WHAT IS NEEDED:
Each line in the material below, starting at the one that contains "The team of" and ending at the one that contains "9、保存后可以到刚才保存的路", should be repeated exactly; the pictures should not.

MATERIAL FOR THIS TASK:

[Start of Attachment]

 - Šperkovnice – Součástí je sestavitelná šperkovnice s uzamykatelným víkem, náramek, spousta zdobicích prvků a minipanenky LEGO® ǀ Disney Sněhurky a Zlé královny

[End of Attachment]
[Start of Attachment]

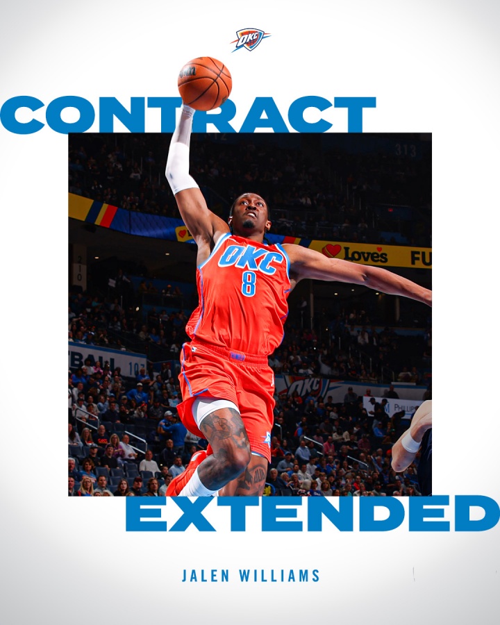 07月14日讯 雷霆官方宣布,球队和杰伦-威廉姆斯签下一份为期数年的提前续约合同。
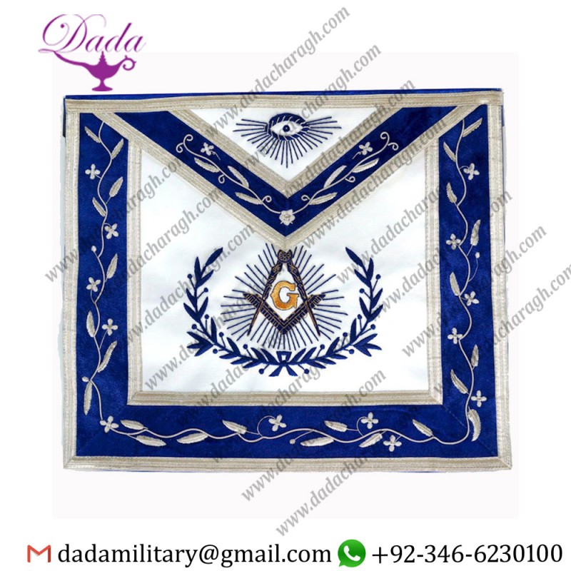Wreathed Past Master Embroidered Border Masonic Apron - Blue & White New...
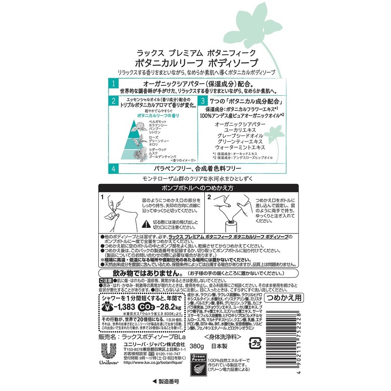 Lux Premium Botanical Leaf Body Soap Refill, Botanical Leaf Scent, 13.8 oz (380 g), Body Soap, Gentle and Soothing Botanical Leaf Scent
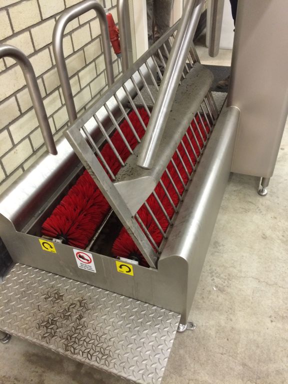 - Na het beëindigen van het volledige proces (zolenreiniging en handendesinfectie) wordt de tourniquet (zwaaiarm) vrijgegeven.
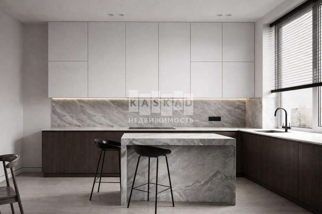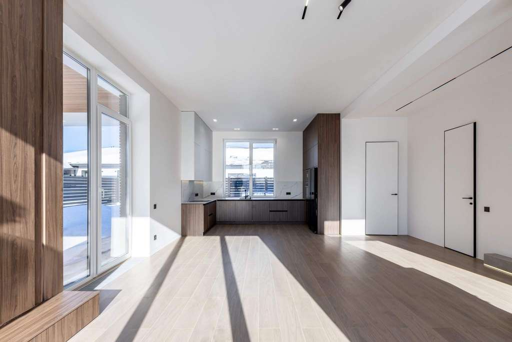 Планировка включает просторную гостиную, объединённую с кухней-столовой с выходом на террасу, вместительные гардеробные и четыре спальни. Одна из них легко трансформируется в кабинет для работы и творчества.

[End of Attachment]
[Start of Attachment]

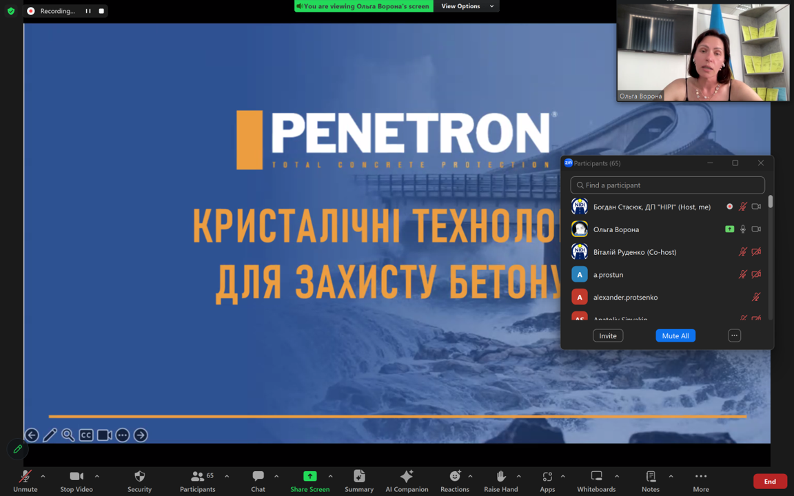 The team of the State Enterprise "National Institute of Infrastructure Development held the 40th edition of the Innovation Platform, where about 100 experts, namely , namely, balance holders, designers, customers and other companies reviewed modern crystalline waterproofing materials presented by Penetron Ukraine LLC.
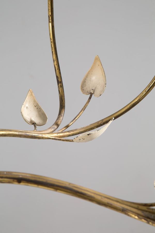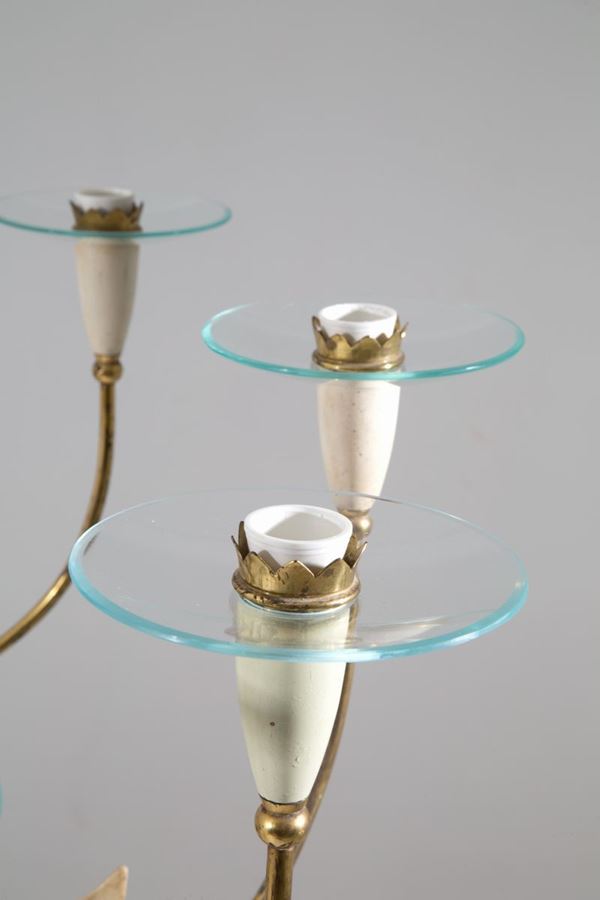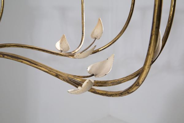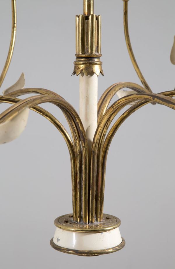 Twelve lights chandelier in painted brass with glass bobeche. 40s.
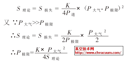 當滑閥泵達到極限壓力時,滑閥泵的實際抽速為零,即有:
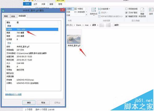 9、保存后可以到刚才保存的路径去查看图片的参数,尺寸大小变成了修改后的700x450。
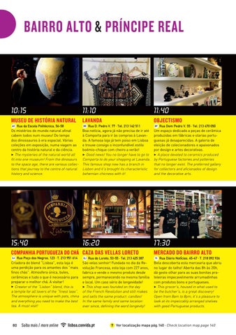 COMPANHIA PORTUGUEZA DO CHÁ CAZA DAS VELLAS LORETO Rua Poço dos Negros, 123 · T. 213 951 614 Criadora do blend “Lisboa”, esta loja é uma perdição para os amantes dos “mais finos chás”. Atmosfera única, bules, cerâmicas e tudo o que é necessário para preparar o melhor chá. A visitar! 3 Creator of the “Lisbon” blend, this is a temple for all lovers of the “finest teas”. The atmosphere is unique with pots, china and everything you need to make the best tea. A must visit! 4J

[End of Attachment]

RESPONSE TO THIS EXERCISE:
 The team of the State Enterprise "National Institute of Infrastructure Development held the 40th edition of the Innovation Platform, where about 100 experts, namely , namely, balance holders, designers, customers and other companies reviewed modern crystalline waterproofing materials presented by Penetron Ukraine LLC.
 Twelve lights chandelier in painted brass with glass bobeche. 40s.
 當滑閥泵達到極限壓力時,滑閥泵的實際抽速為零,即有:
 9、保存后可以到刚才保存的路径去查看图片的参数,尺寸大小变成了修改后的700x450。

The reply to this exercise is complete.